My Year of Smoking

Illustration by Mary Anne Carter.

My year of smoking ended at my thirtieth birthday party, where my girlfriend and I split a last pink Fantasia and threw its golden 22 shell-remains into the street. The first cigarette I ever smoked was a blue Fantasia, when I was 20. My friend picked it to match my shirt. He put it in my mouth, lit it, and instructed me to get in the Radio Flyer wagon he had spent the afternoon racing down steep hills. I was reluctant to smoke, having seen as many pictures of lungs like Zip-Lock bags of moldy steaks as anyone, or to careen down a rocky trail and have to explain to an EMT how I was impaled on a wagon. “Today you’re going to become a man!” he said as I rolled down the hill, trailing smoke. He specifically told me not to inhale, a warning I now think was meant for my protection. The cigarette did nothing for me, but the ride left me shaking from adrenaline, and I was back on the wagon immediately. I swear this paragraph wasn’t just an excuse to make that pun.

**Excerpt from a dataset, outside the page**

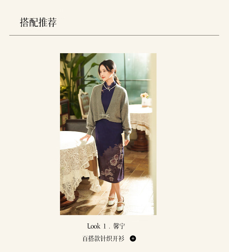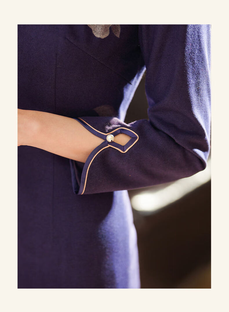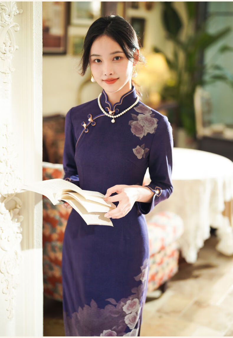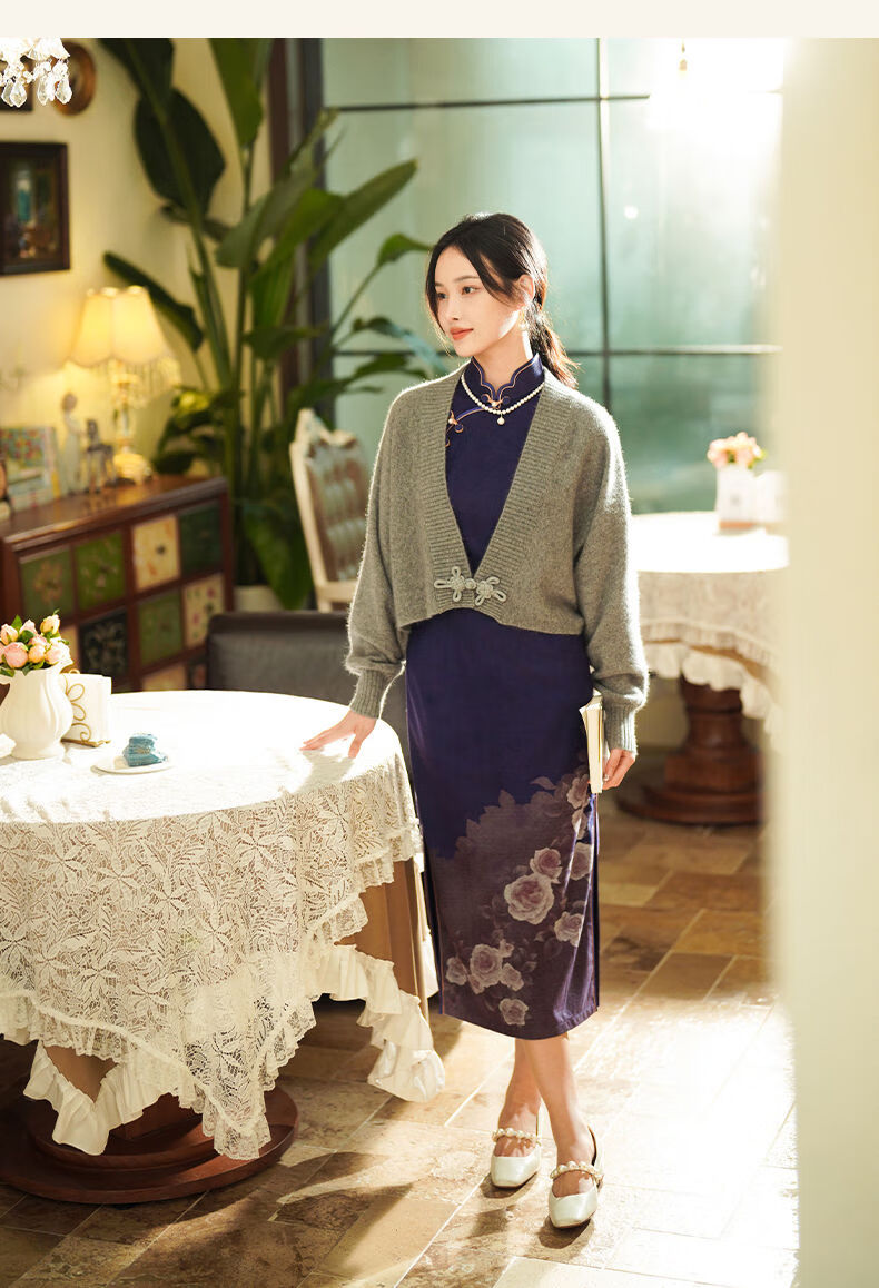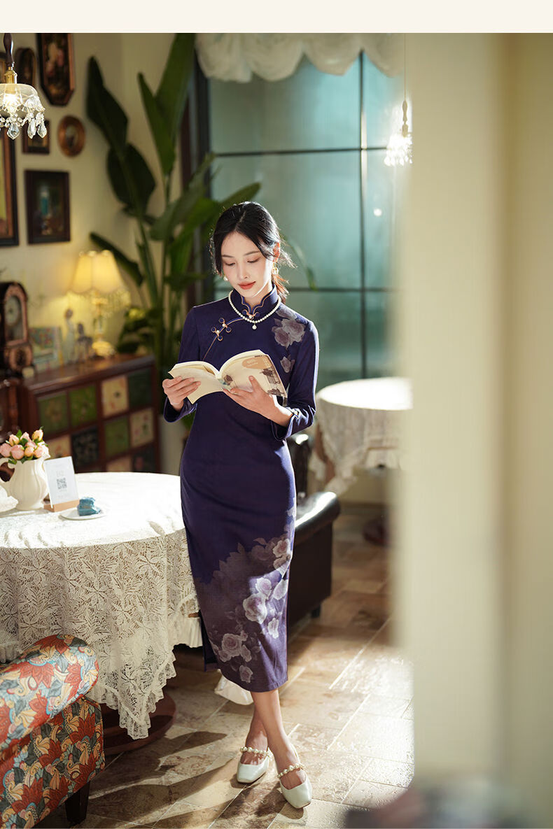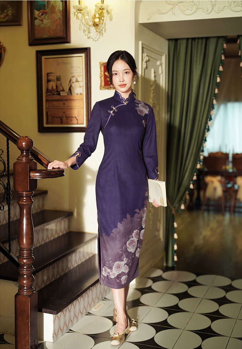 E.Beauty Shuyao 2025 early spring new positioning flower knitted brushed new Chinese style daily improved cheongsam dark jade purple 2XL

I know starting at 29 sounds idiotic, but I just didn’t think cigarettes did anything until someone pointed out that I wasn’t inhaling. When I was done feeling stupid about that, the rush overwhelmed me—I was dizzy and euphoric. I’ve smoked one or two cigarettes a day for the past year now.

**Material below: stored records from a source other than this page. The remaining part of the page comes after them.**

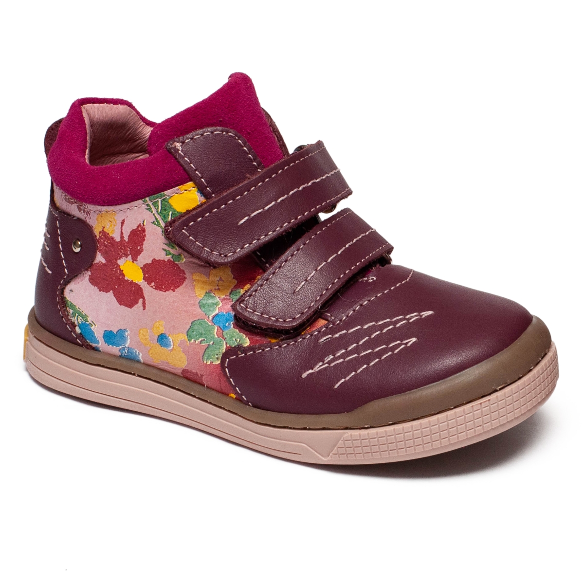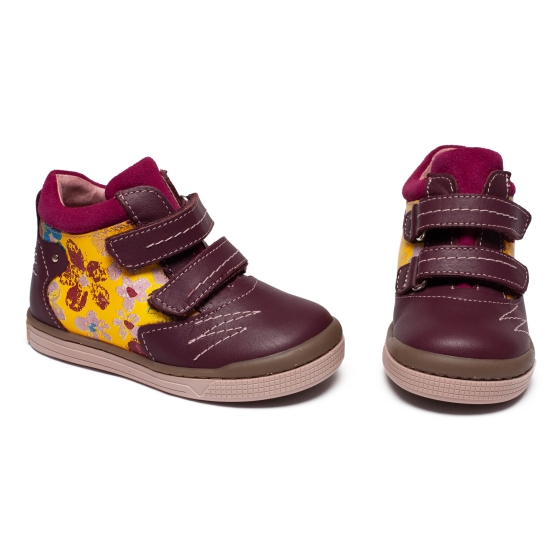 Ghete fete din piele AV624 bordo galben flori 18-30
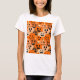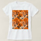 Ce t-shirt pour femmes a un design de jack-o-lanternes avec des visages différents se répétant dans chaque trimestre.
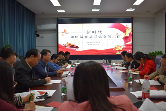 10月12日下午,在“不忘初心,牢记使命”主题教育扎实有序开展的关键期, 韩漫 党委召开组织教工党支部工作培训大会。本次培训以《如何做好新时代基层党支部工作》为主题,由党委书记聂国军主讲,党委副书记刘周平、第三届教职工党支部支委委员参加会议。
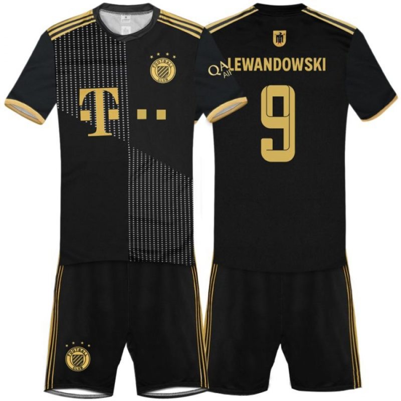 Detský dres Lewandowski 2021/22 replika určený pre malých fanúšikov Bayernu a Lewandowskeho. Štandardný strih. Sada obsahuje tričko a šortky. Na zadnej strane charakteristické číslo 9 a meno Lewandowski. Čierna farba. Tabuľku veľkostí nájdete v popise produktu nižšie.
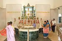 Infant Jesus Church at Vivek Nagar, which is now the biggest church in Karnataka and a popular pilgrimage centre, has a long history of sacrifice and devotion. The Church was first conceived by Fr. Paul Kinatukara in the sixties and the foundation was laid in April 1970 by Rev. Dr. Lourduswamy, the then Archbishop of Bangalore. The missionary zeal (in spite of daunting hurdles) of Fr. L. Peter established the church on a firm footing and the church was opened to devotees in the year 1979, to honour and glorify the divine Infant Jesus of Prague. Designed by the Architects of Thomas Associates, the church with a fan shaped hall can accommodate about 2500 people. It has 9 faces and openings running all round the church. People seated anywhere in the interior of the church feel that the altar is facing them. The podium is raised above road level with steps and ramp on either side. The replica of the nativity scene in the nativity church of Jerusalem is the main mural of size 6 mi (9.7 km)x 9 mi (14.5 km). The remarkable feature of the church is the secular nature of the devotees who throng seeking blessings, particularly on Thursdays and Saturdays. St Mary's Feast is celebrated in September every year when devotees gather at the Church dressed in saffron colour.[23][39][40]
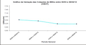 Acima o gráfico da variação de preços do milho no período de 30/03 a 26/04/2012.
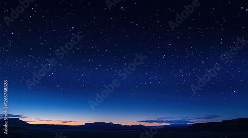 Fototapeta premium A serene night sky filled with shimmering stars and a gradient of deep blue to soft orange, creating a tranquil ambiance in the wilderness.
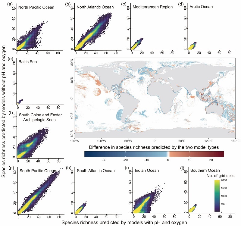 研究发现,两类SDMs预测的适宜分布区范围大小存在差异,表明酸化和缺氧对冷水珊瑚分布具有约束效应。两类物种分布模型在全球尺度上物种丰富度预测结果显示高度相关,但在约三分之一地区的空间分布格局存在明显差异(图2)。

I’ll miss the euphoria. I’ll also miss the meditative quality of the ritual. I’ve never been comfortable just sitting and thinking, but somehow when I had a cigarette in my hand I could savor doing absolutely nothing. It was the best when I got stuck on something I was writing—often a walk around the block and a smoke was just what I needed to get my thoughts moving. My favorite thing was to go out late at night, before bed, and sit in the park, listening to the wind in the trees and watching the moon and the contribution of my breath to the air.

What I’ll really miss though, is bumming cigarettes. I enjoy the process of assessing who on the street is the best to ask, and have honed this skill to a point that I’m 80 percent accurate. I offer a dollar or fifty cents, but most of the time people just give them to me, which is great when I’m feeling less than optimistic about people. I met a guy named Shelby who had been alternately deep-sea fishing and hitchhiking since the 60’s, and complimented my jacket, asking “If I was part of a group he could join.” A woman called me “honey” when I offered her a buck (which she refused) and handed me a whole bundle of crooked Newports.

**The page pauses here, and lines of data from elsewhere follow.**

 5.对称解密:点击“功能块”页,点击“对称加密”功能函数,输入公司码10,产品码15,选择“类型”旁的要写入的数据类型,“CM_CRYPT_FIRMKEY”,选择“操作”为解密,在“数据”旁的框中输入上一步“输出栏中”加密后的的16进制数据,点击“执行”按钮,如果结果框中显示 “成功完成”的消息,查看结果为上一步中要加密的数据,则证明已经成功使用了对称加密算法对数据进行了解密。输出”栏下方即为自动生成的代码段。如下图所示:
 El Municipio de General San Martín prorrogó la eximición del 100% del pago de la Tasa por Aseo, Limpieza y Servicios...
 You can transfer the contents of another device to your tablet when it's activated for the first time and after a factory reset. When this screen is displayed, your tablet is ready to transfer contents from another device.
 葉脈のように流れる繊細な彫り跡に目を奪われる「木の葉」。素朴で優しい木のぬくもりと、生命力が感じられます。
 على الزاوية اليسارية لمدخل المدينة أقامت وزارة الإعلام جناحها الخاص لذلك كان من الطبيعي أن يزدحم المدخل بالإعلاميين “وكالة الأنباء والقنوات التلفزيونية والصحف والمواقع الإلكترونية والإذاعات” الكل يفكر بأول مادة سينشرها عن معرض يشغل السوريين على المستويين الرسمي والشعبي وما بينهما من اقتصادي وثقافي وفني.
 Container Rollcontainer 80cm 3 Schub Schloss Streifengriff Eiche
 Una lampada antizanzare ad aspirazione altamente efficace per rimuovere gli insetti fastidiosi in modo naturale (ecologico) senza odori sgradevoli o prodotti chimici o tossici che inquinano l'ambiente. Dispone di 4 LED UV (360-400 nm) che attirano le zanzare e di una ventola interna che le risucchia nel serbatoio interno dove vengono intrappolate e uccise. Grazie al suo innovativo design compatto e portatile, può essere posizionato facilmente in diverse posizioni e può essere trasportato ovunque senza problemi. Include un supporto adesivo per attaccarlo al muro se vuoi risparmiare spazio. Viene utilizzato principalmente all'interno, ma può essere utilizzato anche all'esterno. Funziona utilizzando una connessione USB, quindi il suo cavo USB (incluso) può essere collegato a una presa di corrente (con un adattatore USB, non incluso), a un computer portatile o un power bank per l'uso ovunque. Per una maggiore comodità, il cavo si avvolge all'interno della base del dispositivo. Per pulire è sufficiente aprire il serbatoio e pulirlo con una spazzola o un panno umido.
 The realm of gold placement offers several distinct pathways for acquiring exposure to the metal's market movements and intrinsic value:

Once around 2AM I was smoking with the guys who hang out in the park outside my apartment, we heard yelling by the bar on the corner. I thought some stupid kid had hit his girlfriend, but when I ran over to determine whether I should call someone, it was obvious he had been slugged in the stomach by a woman old enough to be his grandma (who he appeared not to know at all.) He was doubled over. “You hit me,” he gasped, hardly audible through her curses, “I’m calling the police!” I turned to my companions. “We’ll all kill each other,” said a tall man with a white cotton candy floof of hair. His eyes were like delicate swirls on the surface of water you can’t see the bottom of. The rest of them laughed.

The latter of these experiences sums up my relationship with smoking. My urge to smoke is for rest, company, a shared experience, a moment of peace. But after the ten minutes in which I enjoyed these things, there was a wave of anxiety and physical illness. The only thing that sounded good was another cigarette. Sometimes I just kept going, and woke up with my mouth full of thick, bitter saliva and a sensation like the onset of a cold. It isn’t worth it, though in a way I’ll never return to the places I smoked, and for now I mourn them.